● **Task item**
Within the data that follows, set down exactly the lines from the one containing "HAGA - Perchero" through the one containing "土田 響嬉さんを姓名の画数から五運を鑑定", both ends included.

● **Data provided**
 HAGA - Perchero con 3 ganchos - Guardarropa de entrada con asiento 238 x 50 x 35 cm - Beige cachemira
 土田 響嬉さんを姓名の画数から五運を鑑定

...

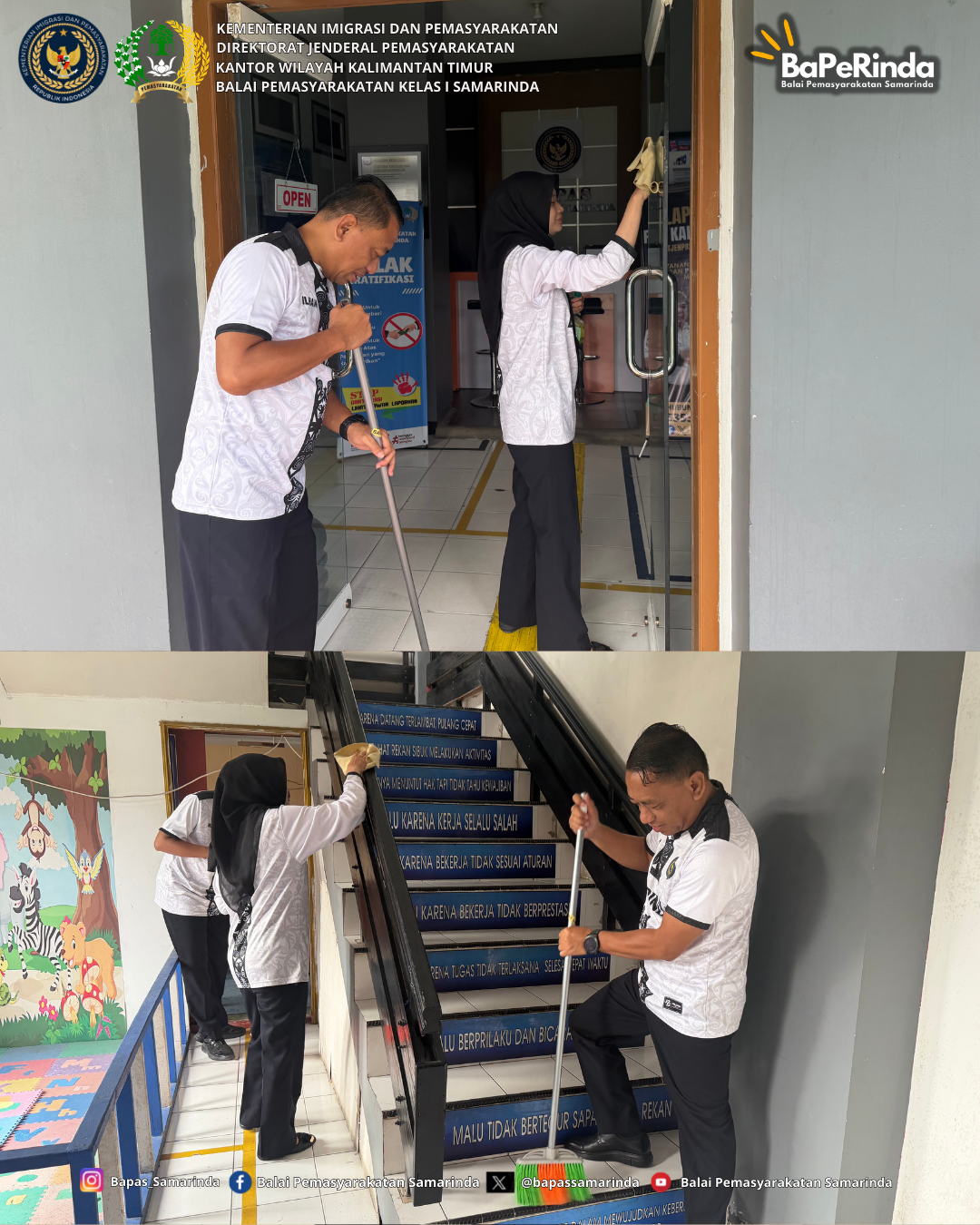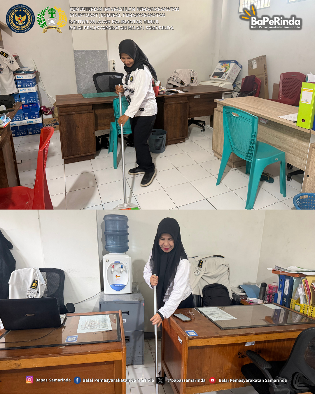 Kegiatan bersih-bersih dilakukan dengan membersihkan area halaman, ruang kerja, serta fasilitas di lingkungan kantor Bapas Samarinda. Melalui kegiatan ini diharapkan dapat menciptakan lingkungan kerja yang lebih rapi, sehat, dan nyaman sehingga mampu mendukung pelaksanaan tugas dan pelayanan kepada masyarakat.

--

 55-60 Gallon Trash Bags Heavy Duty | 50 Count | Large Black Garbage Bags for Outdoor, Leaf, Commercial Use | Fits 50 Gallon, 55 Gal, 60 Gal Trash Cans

● **Task result**
 HAGA - Perchero con 3 ganchos - Guardarropa de entrada con asiento 238 x 50 x 35 cm - Beige cachemira
 土田 響嬉さんを姓名の画数から五運を鑑定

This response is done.